While public authorities have little difficulty accessing this data upon request, private actors will have to demonstrate their interest in accessing the data.
The system wanted byICANN seems to be very close to the one implemented for several years by ICANN with the ” Restricted Distribution ” of the personal data of domain name holders.
This system allows the censorship of personal data present on the public WHOIS, but gives the possibility to any person justifying a particular interest to consult these data.
What if the law required the disclosure of WHOIS data?
As mentioned in the introduction, the implementation of the RGPD has changed many actors and practices.
However, the collection and disclosure of personal data on trademark registers by intellectual property offices has not been impacted by the GDPR even though a lot of personal data is processed by them.

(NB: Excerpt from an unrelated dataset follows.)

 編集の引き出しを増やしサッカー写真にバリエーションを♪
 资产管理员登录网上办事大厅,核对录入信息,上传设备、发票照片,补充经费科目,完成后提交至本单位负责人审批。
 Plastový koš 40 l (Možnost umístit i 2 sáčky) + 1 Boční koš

The reason being simply that these data processing operations are imposed by legal provisions that disregard the application of many of the binding rules of the GDPR.

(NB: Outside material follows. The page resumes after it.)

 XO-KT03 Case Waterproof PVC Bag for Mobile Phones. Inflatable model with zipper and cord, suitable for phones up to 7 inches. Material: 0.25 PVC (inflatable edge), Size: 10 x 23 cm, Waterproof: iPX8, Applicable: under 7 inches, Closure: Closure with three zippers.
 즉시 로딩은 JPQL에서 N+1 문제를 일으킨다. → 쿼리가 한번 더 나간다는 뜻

It would therefore be possible to imagine a European law or regulation imposing the processing of these personal data and thus directly answering the question of the reconciliation of WHOIS and the RGPD since the latter would be set aside.
What if WHOIS were deleted?
To answer this question, it should be remembered that WHOIS is initially used to identify domain name holders.
However, the registration of personal data in the WHOIS is not subject to any relevant verification of its veracity.
As a result, a large number of WHOIS are filled in with false data or usurped data, allowing counterfeiters to hide themselves with ease and complicating the work of intellectual property rights holders and law enforcement.
This is not a new finding, as the U.S. administration had already made a similar finding in 2002.
In an attempt to remedy this problem,ICANN is imposing a procedure for reporting WHOIS with incomplete and inaccurate data to registrars, which may result in the deletion of the domain name if the holder cannot be reached.
However, this verification procedure is not automatic and prior to the registration of a domain name.
The implementation of a systematic and prior control of WHOIS data would necessarily lead to a decrease in illegal websites, but also to a decrease in the number of domain name registrations with registrars and therefore necessarily in their turnover.
What’s the point of trying to access WHOIS data if it’s not relevant?
It could be argued that without verification of WHOIS data prior to registration of a domain name, access to WHOIS data is really only a secondary issue since the registry loses all interest.
A simple observation can be made: the deletion of the WHOIS, whose survival in its current state is aberrant, would allow it to be reconciled with the RGPD.
Furthermore, the very survival of the domain name system(DNS) as we know it today may be challenged by technological developments.
Indeed, the massive use of search engines and the automated referencing of results according to their presumed relevance makes us seriously question the interest of domain names.
These no longer allow the Internet user to judge the identity of a website by himself since the search engines now do it for him.
While Google is working on deleting URLs, deleting domain names could be the next step.
Thus, in addition to the deletion of the current WHOIS, it could be interesting to start thinking about the implementation of a registry listing the verified personal data of the website owners, in compliance with the RGPD obligations.